General Paulus, Nov 1942, outside Stalingrad after the launch of Operation Uranus.

 

[BioMes]

The analytical solution for the values listed above is x(4 s)=4.9497e-5 mm which is nowhere near the numerical result but it's likely because of that issue with unexpected response (no vibrations).

When I decreased the spring stiffness by several orders of magnitude (to 0.75398 N/mm) and increased the mass (to 54.286 kg), I got a much better response:

Now the analytical solution is 106.76 mm so way closer to the simulation result (118.923 mm) but still with some visible difference. However, those new values seem to be unrealistic. The problem is that I have absolutely no sense when it comes to selecting inputs for such an abstract benchmark example. I selected those initial values based on the fact that I wanted to model the mass as a cube of a reasonable size (60x60x60 mm) and the spring as a rod of 140 mm length and 8 mm diameter also made of steel with E=210 GPa (hence the calculated stiffness).

@Denial is likely also right that the impulse could be shorter to trigger the dynamic response (so maybe something like ramp from 0 to maximum force in a fraction of a second instead of 2 seconds). I don't want to enter high-speed dynamics here but the current amplitude can be more quasi-static than dynamic. I have to play with those values.

 

[karachun]

Hello, BioMes. I have a couple of questions on your setup.
1) Why not use mass element instead of solid cube so you can directly input mass and have real 1DOF system. I don`t know how to create mass in Abaqus but I don`t think that it is difficult.
2) In first setup your time increment is too coarse. According to mass and stiffness system natural frequency would be f=(k/m)^0.5/2/pi = (75398000/1.748)^0.5/2/pi = 1045 Hz, oscillation period would be 1/1045 ~ 1e-3 s. With time increment of 0.1 s you got 100 unresolved oscillations between two calculated time points! You can not chose timestep randomly. You should perform timestep convergence to ensure that your solution does not depend from timestep size. You can start with time increment size of something like 1/10 of natural oscillation period. It would be 1/1045/10 ~ 1e-4 s. Then you should make 2-3 additional analysis with time increment gradually reduced by factor of 1.5-2 until you notice that result (displacement in your case) almost stop changing and further reduction of timestep don`t change results.

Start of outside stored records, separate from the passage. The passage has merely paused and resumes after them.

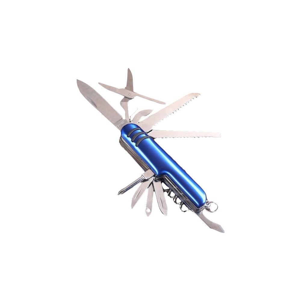 Швейцарский нож Мастер К 11 функций, синий 486463 подходит для использования в походе, на пикнике. Инструменты изготовлены из прочной и качественной стали, что обеспечивает долгий срок службы. Все рабочие элементы складываются в рукоятку, что гарантирует безопасность во время хранения и транспортировки. Предусмотрено специально кольцо для подвешивания на ключ или рюкзак.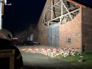 In Stöckheim ist außerdem eine Scheune teilweise eingestürzt. In Lindau und Bollensen haben sich Dächer von Gebäuden gelöst, in vielen Orten fallen Dachziegel von den Häusern.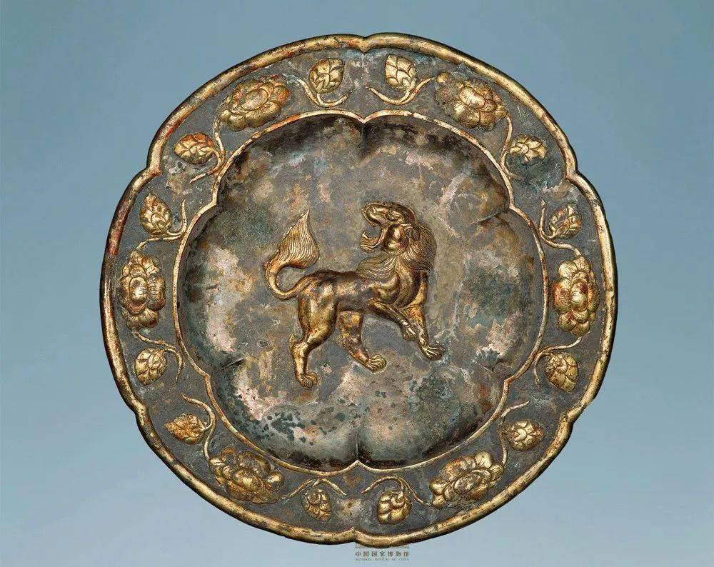 唐·葵口三足狮子纹鎏金银盘,高6.7厘米,口径40厘米,1956年西安八府庄出土,中国国家博物馆 藏(图源:国博君)

Note that if your timestep is greater than half of 1DOF period than your results are wrong due to Nyquist–Shannon sampling theorem.

https://en.wikipedia.org/wiki/Nyquist–Shannon_sampling_theorem

I don't want to enter high-speed dynamics here but the current amplitude can be more quasi-static than dynamic. I have to play with those values.

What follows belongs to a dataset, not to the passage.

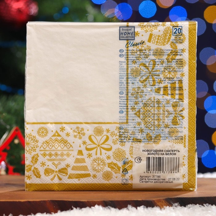 Новый год. Салфетки бумажные Home Classic "Новогодняя скатерть, Золото на белом",3 слоя, 20 листов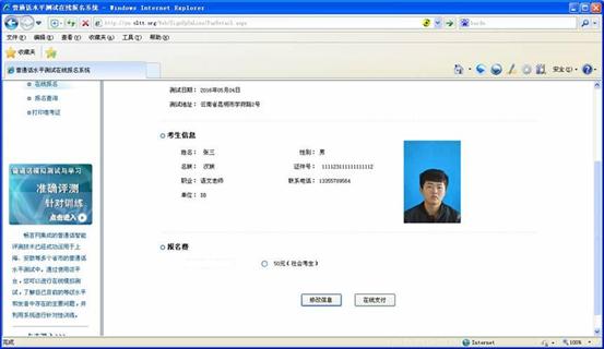 第二步:信息無誤后,點(diǎn)擊上圖中“在線支付”按鈕,進(jìn)行網(wǎng)上繳費(fèi)(網(wǎng)上支付的時限為網(wǎng)上報(bào)名后1個小時內(nèi),超時系統(tǒng)自動取消訂單,考生本次報(bào)名無效)。在線支付目前只支持銀聯(lián)支付方式。

You have some wrong understanding of how linear dynamics works. You do not need to use some nonlinear high speed dynamics. You just reduce timestep size but your system is still linear.

Therefore first calculate your system natural frequency and period (using hand calculation and FEA) and than select appropriate timestep size. All dynamics starts from natural frequency analysis, don`t neglect it.

And for loading I suppose that loading time t1 should be less than one period of oscillation.

 

[BioMes]

@karachun

Thank you for your valuable tips.

In fact, I'm working on 2 test models and one of them indeed uses point mass element. The other one (with the mass modeled as a cube) is meant to be more versatile so that it can be used in other software, not supporting mass elements. That's also why I modeled the spring as a solid rod and calculated its equivalent stiffness initially.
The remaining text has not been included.